4. Ditch the passive voice. Seriously. Saying “You are loved” is not only impersonal — “no one in particular, but someone might have nice feelings for you!” — but it can hit that craptastic note I mentioned above. People suffering an acute emotional crisis might feel their pain is causing loved ones’ pain, and that hurts even more. Vicious cycle stuff. And ideation often isn’t the result of feeling unloved, it’s an acute and dangerous response to wanting to relieve yourself from extreme pain, and feeling like you have no other way to do so. (This doesn’t account for people with disorders that involve voices telling them to do harmful things, and other illnesses that inspire suicide ideation, I know.) In my experience, I didn’t want to stay on the planet if being here meant pain, plain and simple.

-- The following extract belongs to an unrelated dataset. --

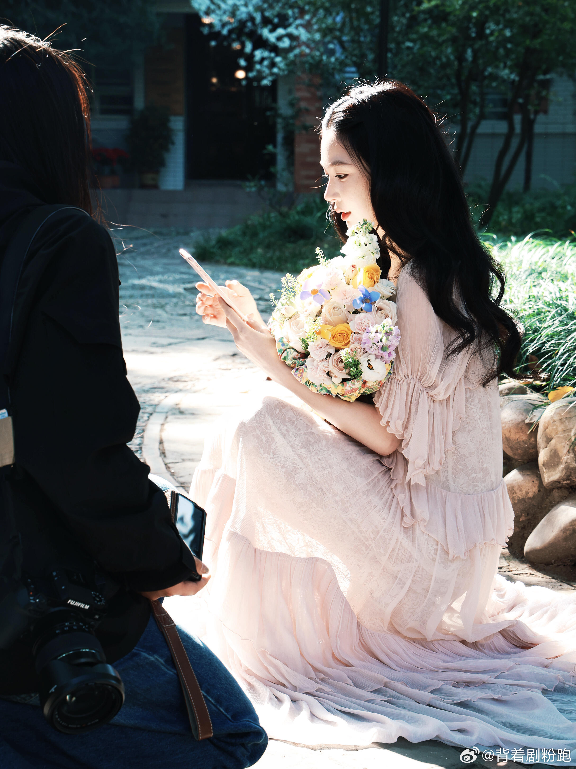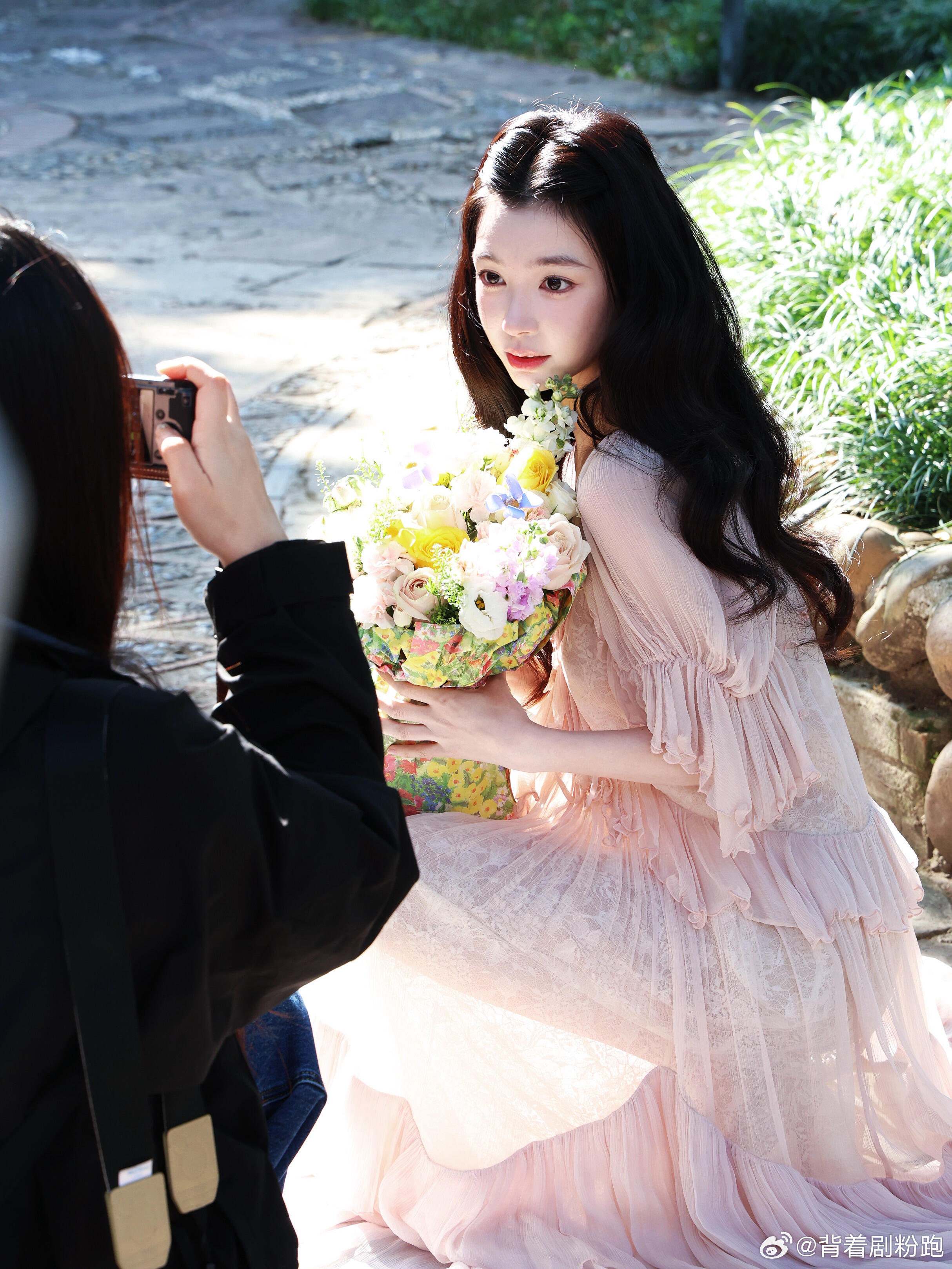 易梦玲进组《告白》第一天路透,饰演白月光叶赛宁,公主风妆造好仙气飘飘,手捧鲜花?

5. Consider putting preemptive systems into place with your close homies. Don’t wait for your peeps who struggle with emotional wellness to do this, either. Start now. One big thing that’s changed a lot of circumstances for me is a texting system my heterosexual life partner, Cyn, and I started doing a couple years ago. We both happily live on our own, and at various times in our life, we’re either single or non-traditionally partnered. Both of us fear having a New York death (where something happens to you and no one finds you for days and your pets have eaten your face), and Cyn was having particularly acute anxiety after losing a friend to sudden death in the night. We agreed that we’d text each other every single morning, and that there were agreed-upon sets of actions we’d take if we didn’t hear from one another. We’ve done it every day since, and having that structure has shifted a lot for me. Both the task itself and knowing that someone who loves me and gets me without judgement will both notice and take action if I’m not OK gives me a welcome toehold on reality.

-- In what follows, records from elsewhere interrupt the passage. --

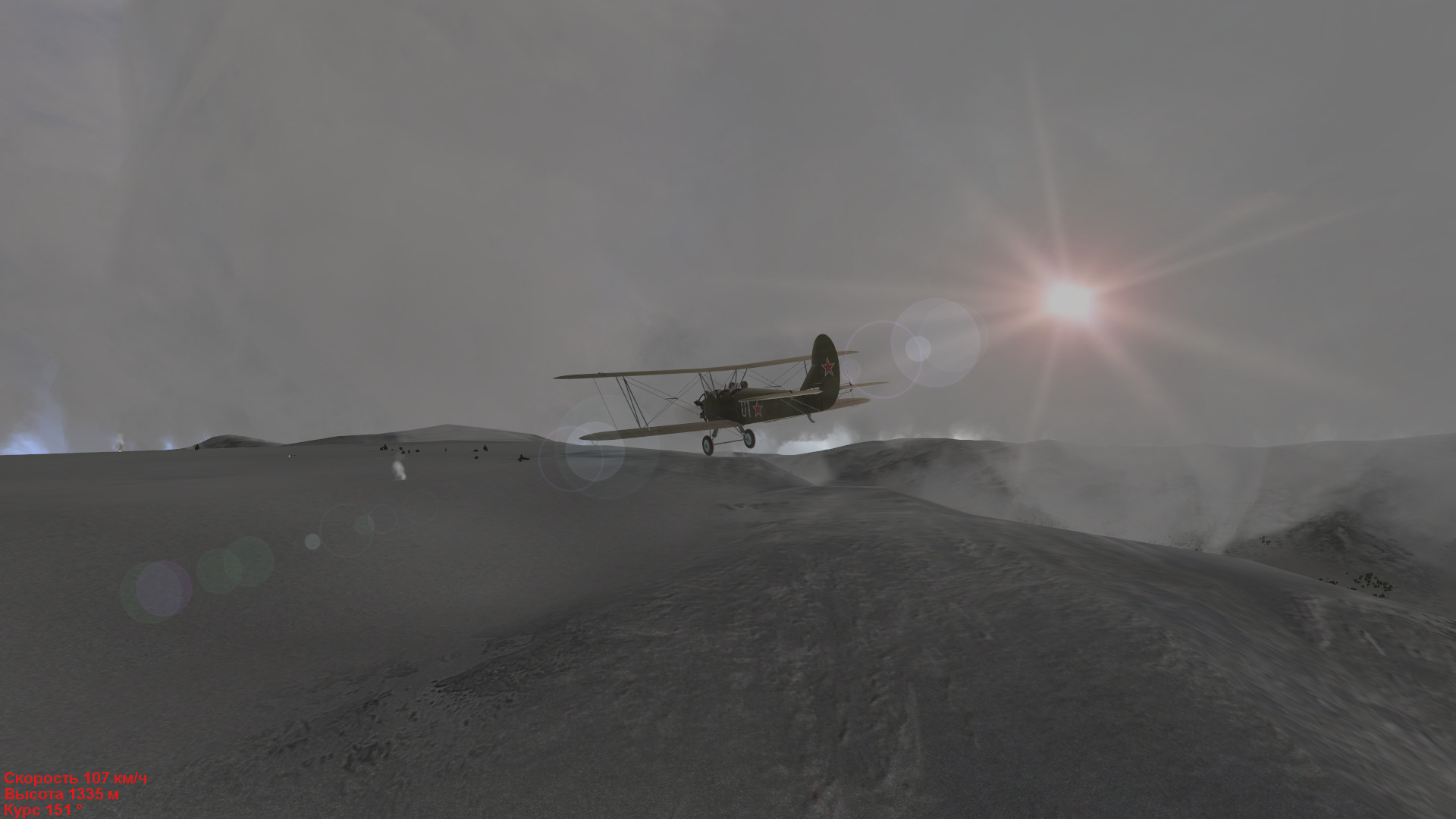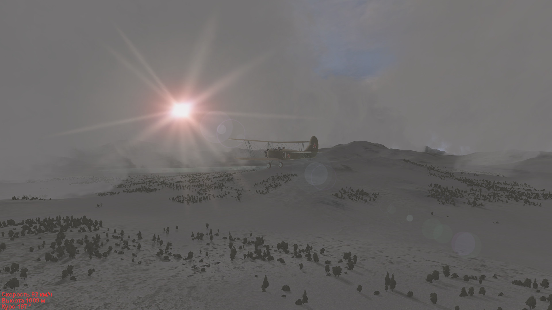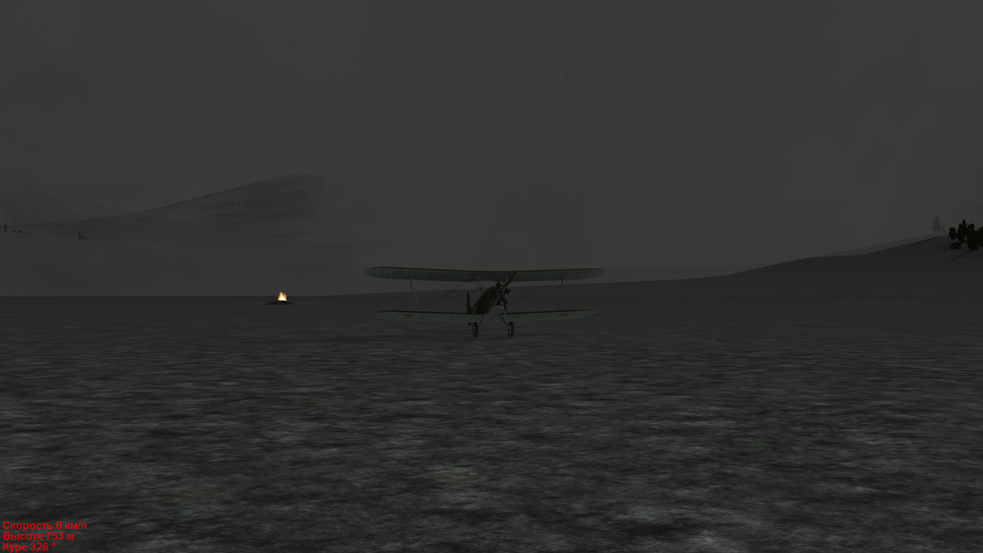 Обидно, но в БАТ не пошло. Сначала У-2 оказался висящим в небе на колодках. Причина оказалась в тестовой ВПП. Убрал ее - но не смог найти пункт назначения, как ни крутился. В полном почему-то костров также не видно. Жаль. А вообще почему б не сделать миссию на арктических картах?
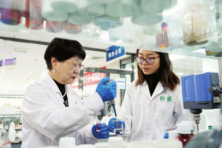 • 渠志灿(左)与团队成员进行实验操作。
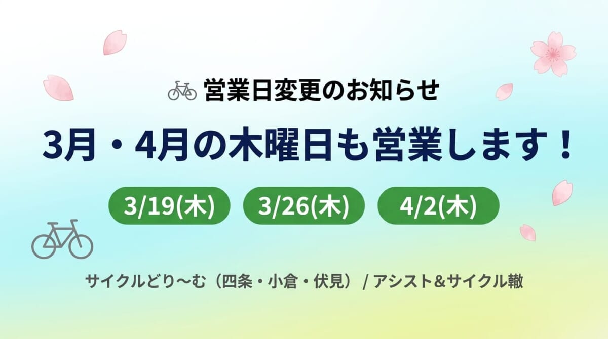 🚲 3月・4月 営業日変更のお知らせ
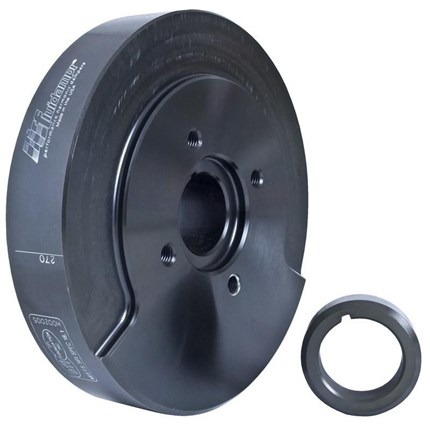 A new Fluidampr on your diesel truck will not only protect your engine from destructive torsional vibrations but will also increase TORQUE & HORSEPOWER. High performance diesel engines running chips and programmers are exceptionally vulnerable to torsional vibrations. Save your crank & more by installing a new Fluidampr today. Each time the air/fuel mixture inside a cylinder is ignited, the combustion event creates a torque spike that is applied to the crankshaft through the pistons and rods. This torque spike is so severe that it not only turns the crankshaft, it actually twists the crankshaft ahead of its normal rotation and then the crankshaft rebounds. This twisting action is known as torsional vibration. When these torque spikes get into phase with the natural frequency of the crankshaft assembly in the engine, critical torsional harmonic vibrations occur that are destructive to the bearings and crankshaft.Each Fluidampr is manufactured to meet or exceed OEM specifications.Unlike a stock elastomer harmonic balancer, Fluidampr performance dampers protect across a broad frequency range and can become more effective as magnitude increases throughout your RPM range. Each Fluidampr performance damper is designed for the engine application it is intended for.Fluidampr performance dampers consist of a free rotating inertia ring inside a laser sealed outer housing within tight tolerance of each other. Both the inertia ring and the outer housing are computer balanced to exceed OEM specifications during manufacturing. Between the two, an area referred to as the shear gap is pressure injected with viscous silicone. This specialized silicone maintains stability across an extreme temperature range and provides superior heat dissipation.As soon as your engine fires torsional vibration is present. To damp its destructive effects, the outer housing turns at engine RPM, while the inner inertia ring immediately self-centers and is free to be "shocked" by each torsional vibration event. As the inner inertia ring moves in-and-out of RPM with the outer housing, the shearing force through the silicone transforms the vibration to heat, which rapidly dissipates through the housing. Since the mass of the inertia ring is engulfed in a thin film of silicone and not directly connected to the crank, it can be calculated that only 2/3 of the total Fluidampr weight is rotating at RPM. For example, a 7.9lb Fluidampr for a Chevy LS1 only feels 5.3lbs at rpm.The Fluidampr design originated from top race engine builders requesting Vibratech TVD (formally Houdialle and parent company to Fluidampr) to bring its viscous damper technology engineered for long-life, high power diesel applications to professional motorsports in the early-1980s to replace failing elastomer designs. Viscous torsional dampers are used today as original equipment on select luxury sportscars, light-Duty diesel trucks and even military spec engines. Meanwhile, nearly all high power engines that move our economy depend on a viscous damper for superior protection, performance and durability.

And the system’s original intention works, by the way — there was one time my technology was messing up, and I hadn’t heard from Cyn by our agreed-upon time. I started texting and calling her friends at work by noon or so, and was ready to call her neighbors to check on her. I finally got one of her messages that was like, “Um, settle down, I’m in a meeting…” We laughed ourselves silly. It feels good to know people are going to show up. Overreacting with burden-free, guilt-free, shame-free love can be OK.
6. Lastly, for my fellow swimmers of the dark waters: Oh man, I’m with you. I’m so with you. This world is just… I don’t even know what to say about it right now. If it’s helpful, my friends and I built a free little tool to help folks reach out and share difficult stuff; it’s called The Weather Report. What I like most about it is that it has a place for you to say what you do and don’t need right now. Yesssssssss.